MINITA V. CHICO-NAZARIO
Associate Justice
WE CONCUR:
REYNATO S. PUNO
Associate Justice
Chairman
MA. ALICIA AUSTRIA-MARTINEZ
Associate Justice |
ROMEO J. CALLEJO, SR.
Associate Justice |
DANTE O. TINGA
Associate Justice |
A T T E S T A T I O N
I attest that the conclusions in the above Decision were reached in consultation before the case was assigned to the writer of the opinion of the Court’s Division.
REYNATO S. PUNO
Associate Justice
Chairman, Second Division
C E R T I F I C A T I O N
Pursuant to Article VIII, Section 13 of the Constitution, and the Division Chairman’s Attestation, it is hereby certified that the conclusions in the above Decision were reached in consultation before the case was assigned to the writer of the opinion of the Court’s Division.
HILARIO G. DAVIDE, JR.
Chief Justice
Footnotes
1 Penned by Court of Appeals Associate Justice Demetrio G. Demetria, with Associate Justices Ramon A. Barcelona and Mariano M. Umali concurring; Annex "A" of the Petition; Rollo, p. 32.

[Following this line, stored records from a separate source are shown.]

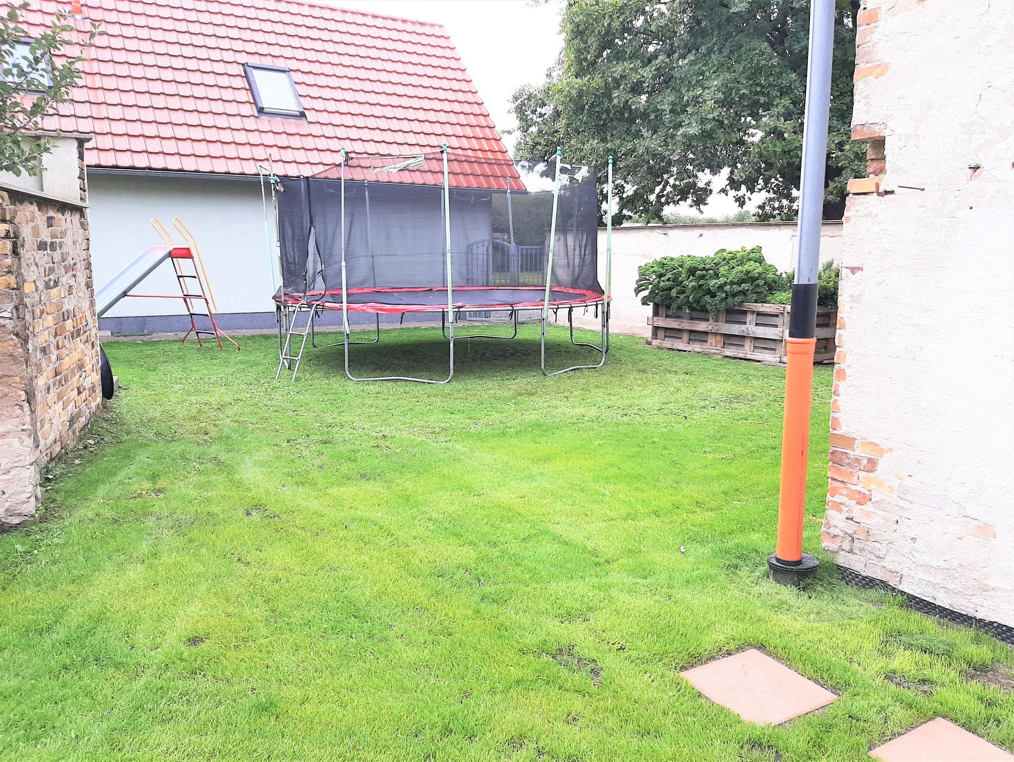 - Spielbereich im Garten mit Trampolin und Rutsche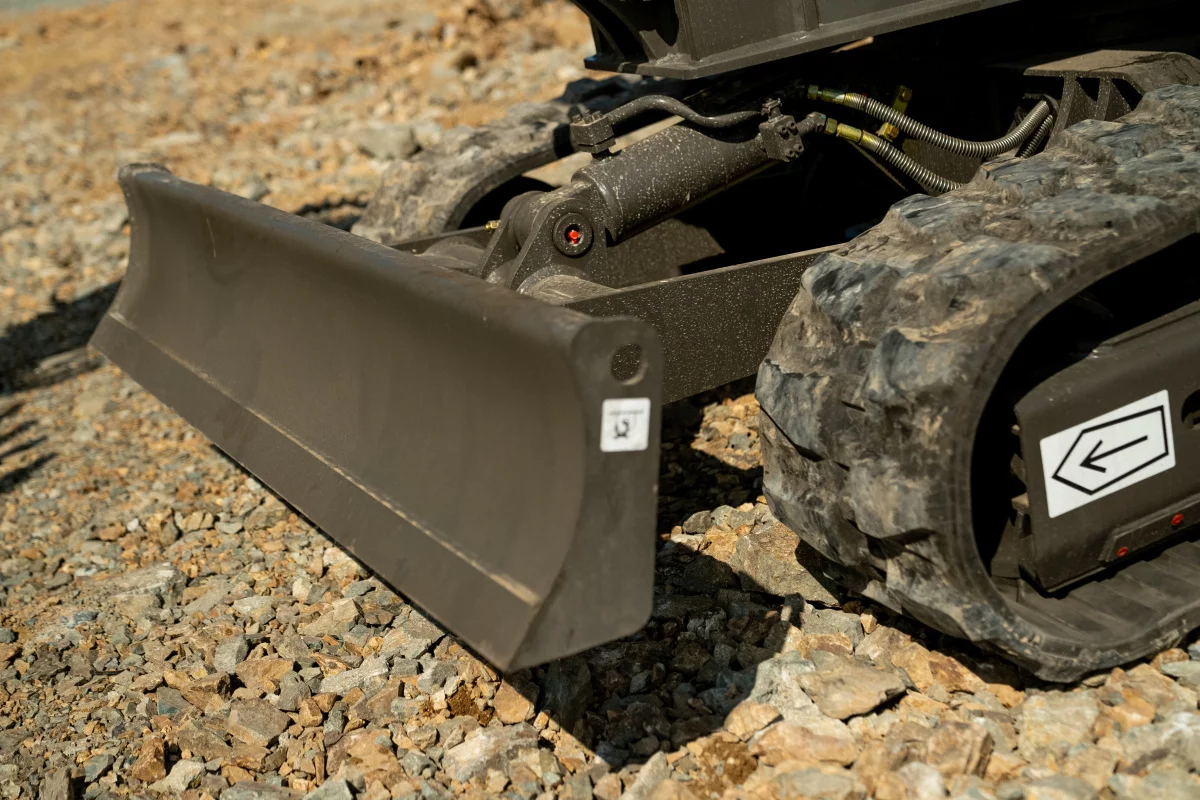 - Оборудован бульдозерным отвалом, увеличивающим устойчивость при выполнении работ. Также позволяет использовать машину для засыпки или планировки.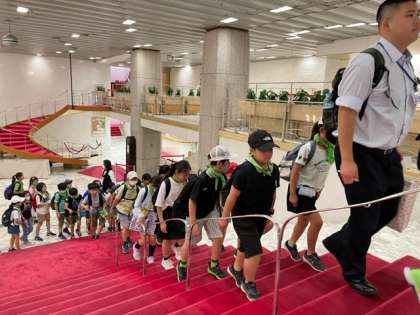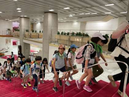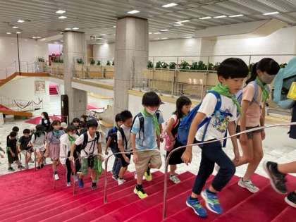 赤じゅうたんの階段を歩く子どもたちは、わくわくどきどきです!

2 Annex "B" of the Petition; Rollo, p. 31.
3 Petitioner Dela Cruz’s shipboard contract dated 24 January 1996, Records, p. 9; petitioner Nono’s shipboard contract dated 20 June 1996, Records, p. 10.
4 Docketed as NLRC NCR OCW Case No. (M) 00-10-2853-96; Records, p. 2.
5 Records, pp. 88-97.
6 Docketed as CA No. 014834-98.
7 Records, pp. 193-212.
8 Records, pp. 248-249.
9 Records, pp. 273-292.
10 295 SCRA 494 (1998).
11 Ten (10) days late.
12 Petitioner employee’s memorandum, p.7; Rollo, p. 420.
13 Ibid.
14 Said petition was originally filed with this Court before it was referred to the Court of Appeals per St. Martin Funeral Homes v. NLRC, et al.
15 Per Supreme Court En Banc Resolution dated 21 July 1998 concerning Bar Matter No. 803-Re: Amendment to Section 4, Rule 65 of the 1997 Rules of Civil Procedure.
16 Per Supreme Court En Banc Resolution dated 01 August 2000 in A.M. No. 00-2-03-SC.
17 G.R. No. 147417, 08 July 2005.
18 341 SCRA 533, 538 (2000).
19 Sum of all monetary awards in their Peso equivalent as stated in the judgment aforequoted, inclusive of 10% of said sum as attorney’s fees.
20 And that even if the conversion rate of ₱40.214 to US$1.00 at the time the decision was promulgated was used, according to petitioner employees, the appeal bond filed in the amount of ₱275,485.92 would still be inadequate for the Peso equivalent of US$9,522.50 would be equal to ₱382,937.81.
21 241 SCRA 643 (1995).
22 Labor Code of the Philippines.
23 Canon 5, Code of Professional Responsibility.
24 Ditching v. Court of Appeals, G.R. No. 109834, 18 October 1996, 263 SCRA 343.